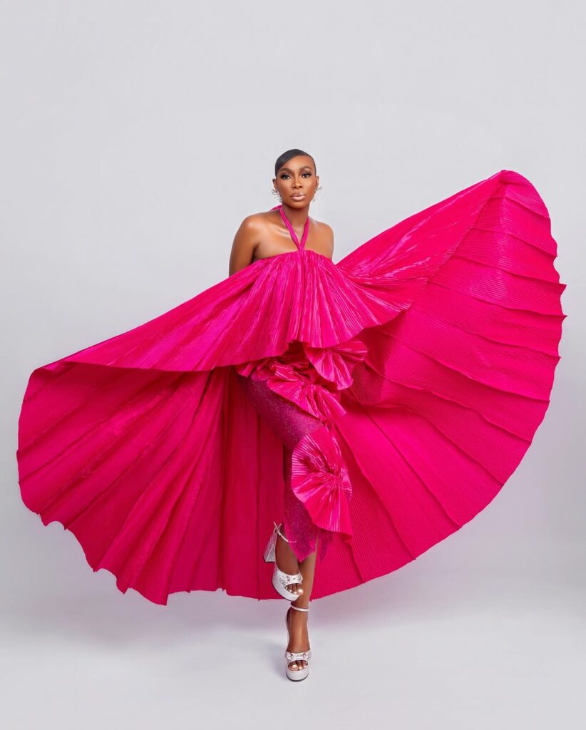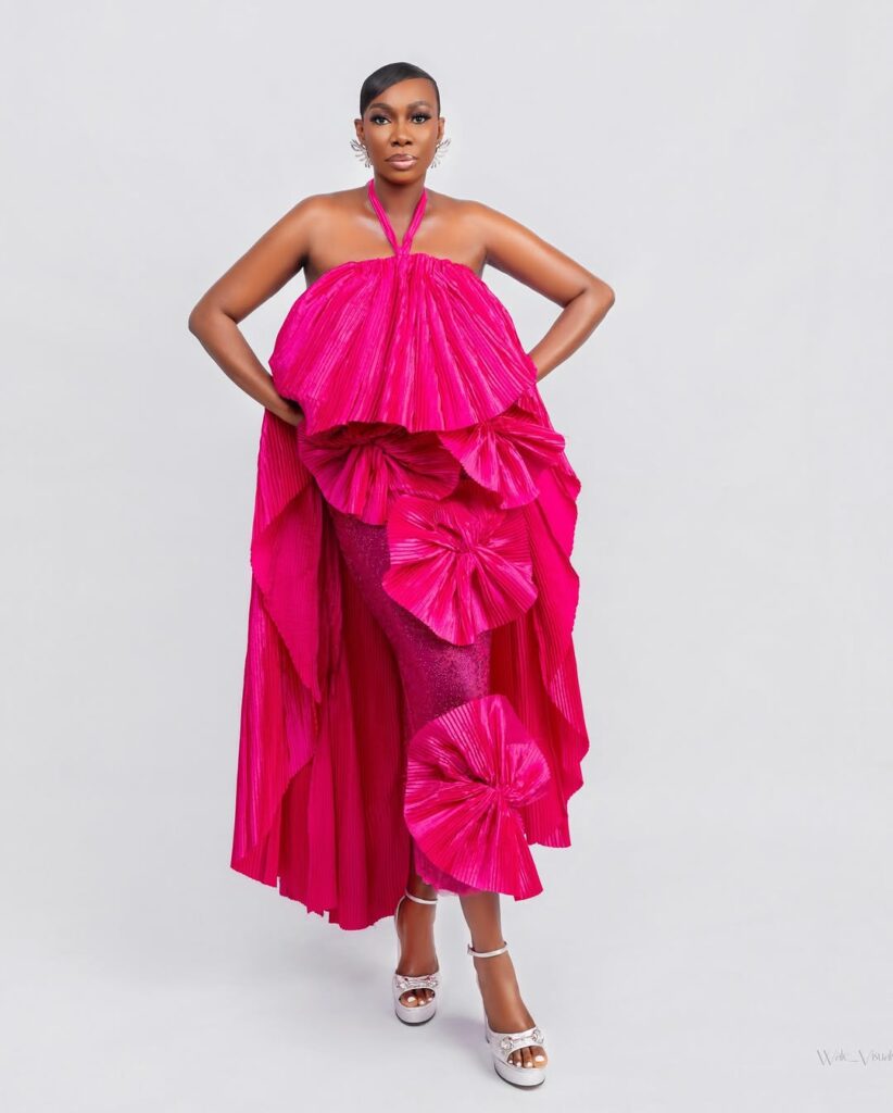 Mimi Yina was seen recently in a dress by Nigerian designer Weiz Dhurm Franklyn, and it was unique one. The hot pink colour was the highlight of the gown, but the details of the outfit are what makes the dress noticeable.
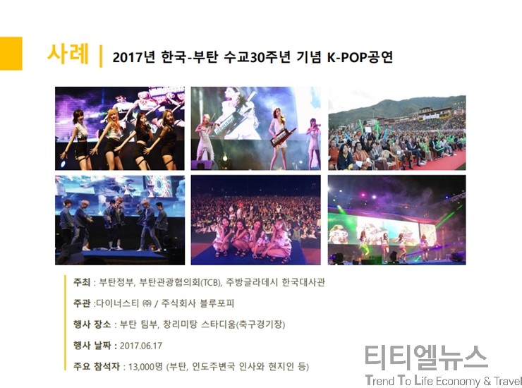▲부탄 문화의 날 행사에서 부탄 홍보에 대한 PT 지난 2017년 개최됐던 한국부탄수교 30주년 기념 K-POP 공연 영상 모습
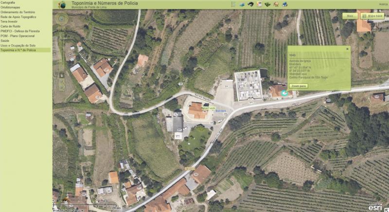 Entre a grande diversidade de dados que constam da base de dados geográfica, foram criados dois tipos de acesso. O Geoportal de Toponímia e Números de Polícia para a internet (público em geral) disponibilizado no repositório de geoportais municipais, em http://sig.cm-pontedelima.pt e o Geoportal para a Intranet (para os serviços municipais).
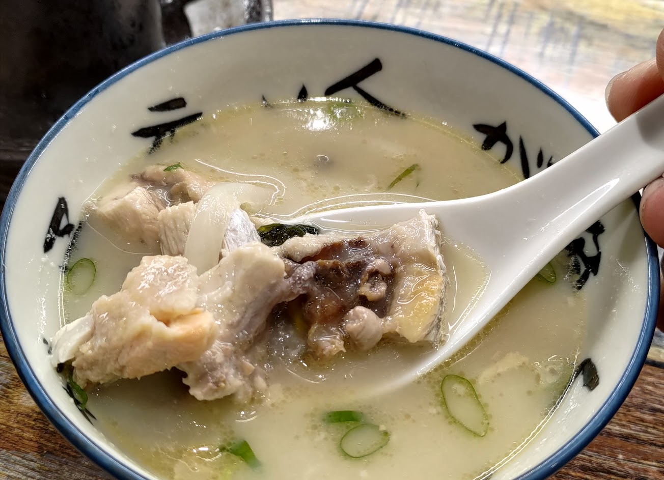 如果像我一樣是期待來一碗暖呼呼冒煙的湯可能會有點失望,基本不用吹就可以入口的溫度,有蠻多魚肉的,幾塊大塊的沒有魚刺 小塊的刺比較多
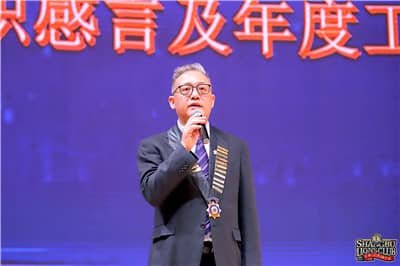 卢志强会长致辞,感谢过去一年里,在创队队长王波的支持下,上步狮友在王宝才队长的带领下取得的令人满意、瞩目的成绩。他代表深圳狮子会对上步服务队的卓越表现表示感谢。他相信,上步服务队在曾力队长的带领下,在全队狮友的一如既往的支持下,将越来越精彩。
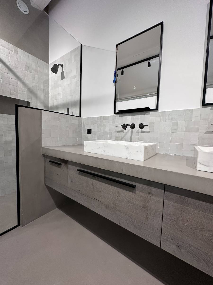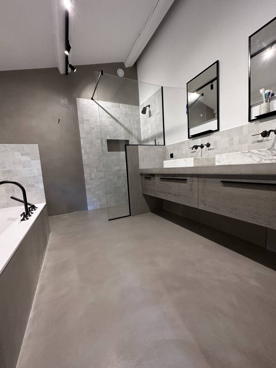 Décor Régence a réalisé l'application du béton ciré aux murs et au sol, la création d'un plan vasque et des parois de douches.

■ ■ ■ ■ ■

Leaving every picture out, write out exactly the lines from the one that holds "卢志强会长致辞,感谢过去一年" through the end of the listing, both included.

 卢志强会长致辞,感谢过去一年里,在创队队长王波的支持下,上步狮友在王宝才队长的带领下取得的令人满意、瞩目的成绩。他代表深圳狮子会对上步服务队的卓越表现表示感谢。他相信,上步服务队在曾力队长的带领下,在全队狮友的一如既往的支持下,将越来越精彩。
 Décor Régence a réalisé l'application du béton ciré aux murs et au sol, la création d'un plan vasque et des parois de douches.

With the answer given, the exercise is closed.